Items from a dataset
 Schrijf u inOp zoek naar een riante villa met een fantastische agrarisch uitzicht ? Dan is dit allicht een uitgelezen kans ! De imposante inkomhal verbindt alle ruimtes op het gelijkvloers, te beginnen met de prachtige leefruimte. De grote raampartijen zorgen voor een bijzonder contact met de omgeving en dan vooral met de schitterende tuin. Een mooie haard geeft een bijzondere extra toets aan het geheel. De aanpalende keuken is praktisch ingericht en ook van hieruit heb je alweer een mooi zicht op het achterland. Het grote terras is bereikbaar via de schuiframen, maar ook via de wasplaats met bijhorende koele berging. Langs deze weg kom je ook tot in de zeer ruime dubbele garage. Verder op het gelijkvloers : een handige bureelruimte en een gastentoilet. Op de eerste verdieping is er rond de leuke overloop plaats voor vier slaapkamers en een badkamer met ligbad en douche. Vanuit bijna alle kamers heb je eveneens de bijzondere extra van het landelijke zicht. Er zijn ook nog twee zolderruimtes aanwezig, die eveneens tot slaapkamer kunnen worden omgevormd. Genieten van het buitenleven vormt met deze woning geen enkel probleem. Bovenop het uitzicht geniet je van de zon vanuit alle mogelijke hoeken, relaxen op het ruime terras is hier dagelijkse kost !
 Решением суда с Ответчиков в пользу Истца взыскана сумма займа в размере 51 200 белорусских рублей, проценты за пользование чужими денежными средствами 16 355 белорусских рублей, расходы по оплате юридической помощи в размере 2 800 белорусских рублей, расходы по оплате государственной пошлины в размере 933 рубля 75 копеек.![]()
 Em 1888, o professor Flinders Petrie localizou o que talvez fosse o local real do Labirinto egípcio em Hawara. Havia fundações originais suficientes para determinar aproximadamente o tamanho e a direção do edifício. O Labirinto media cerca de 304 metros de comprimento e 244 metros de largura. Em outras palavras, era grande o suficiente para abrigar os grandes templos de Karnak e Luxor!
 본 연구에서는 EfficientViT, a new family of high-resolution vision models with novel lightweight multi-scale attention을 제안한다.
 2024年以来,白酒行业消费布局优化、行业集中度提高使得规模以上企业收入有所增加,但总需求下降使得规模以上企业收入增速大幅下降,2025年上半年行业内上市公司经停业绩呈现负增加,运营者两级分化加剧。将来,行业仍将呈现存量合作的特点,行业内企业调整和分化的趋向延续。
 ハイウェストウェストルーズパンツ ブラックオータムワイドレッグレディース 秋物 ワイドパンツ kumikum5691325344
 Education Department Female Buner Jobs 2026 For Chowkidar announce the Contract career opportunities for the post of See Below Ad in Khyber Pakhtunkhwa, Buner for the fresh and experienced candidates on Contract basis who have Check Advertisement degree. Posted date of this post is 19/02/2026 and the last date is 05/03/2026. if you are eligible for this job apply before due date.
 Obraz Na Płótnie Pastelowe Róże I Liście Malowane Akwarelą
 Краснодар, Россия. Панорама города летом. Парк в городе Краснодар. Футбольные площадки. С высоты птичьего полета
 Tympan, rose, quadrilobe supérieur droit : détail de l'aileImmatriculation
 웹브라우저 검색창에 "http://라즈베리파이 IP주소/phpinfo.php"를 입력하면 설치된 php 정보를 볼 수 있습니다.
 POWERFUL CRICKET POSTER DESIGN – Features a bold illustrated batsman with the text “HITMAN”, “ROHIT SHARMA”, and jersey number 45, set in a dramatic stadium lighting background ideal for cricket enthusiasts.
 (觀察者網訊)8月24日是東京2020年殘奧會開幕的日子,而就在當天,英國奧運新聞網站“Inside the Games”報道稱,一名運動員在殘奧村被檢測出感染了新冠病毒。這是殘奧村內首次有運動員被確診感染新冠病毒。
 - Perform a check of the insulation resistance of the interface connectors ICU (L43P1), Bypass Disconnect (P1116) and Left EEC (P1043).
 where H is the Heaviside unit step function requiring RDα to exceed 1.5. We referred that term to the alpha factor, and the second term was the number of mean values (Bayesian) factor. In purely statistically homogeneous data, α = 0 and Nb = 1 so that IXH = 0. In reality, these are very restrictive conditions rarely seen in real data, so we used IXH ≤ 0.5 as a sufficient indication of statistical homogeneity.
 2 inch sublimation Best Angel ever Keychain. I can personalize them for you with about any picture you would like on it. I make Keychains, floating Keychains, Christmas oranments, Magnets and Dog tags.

[Aim of the exercise]:
Once the line that contains "POWERFUL CRICKET POSTER" is found, please give it again exactly, along with each line that comes after it, through the last line of the entries.

[Solution to the exercise]:
 POWERFUL CRICKET POSTER DESIGN – Features a bold illustrated batsman with the text “HITMAN”, “ROHIT SHARMA”, and jersey number 45, set in a dramatic stadium lighting background ideal for cricket enthusiasts.
 (觀察者網訊)8月24日是東京2020年殘奧會開幕的日子,而就在當天,英國奧運新聞網站“Inside the Games”報道稱,一名運動員在殘奧村被檢測出感染了新冠病毒。這是殘奧村內首次有運動員被確診感染新冠病毒。
 - Perform a check of the insulation resistance of the interface connectors ICU (L43P1), Bypass Disconnect (P1116) and Left EEC (P1043).
 where H is the Heaviside unit step function requiring RDα to exceed 1.5. We referred that term to the alpha factor, and the second term was the number of mean values (Bayesian) factor. In purely statistically homogeneous data, α = 0 and Nb = 1 so that IXH = 0. In reality, these are very restrictive conditions rarely seen in real data, so we used IXH ≤ 0.5 as a sufficient indication of statistical homogeneity.
 2 inch sublimation Best Angel ever Keychain. I can personalize them for you with about any picture you would like on it. I make Keychains, floating Keychains, Christmas oranments, Magnets and Dog tags.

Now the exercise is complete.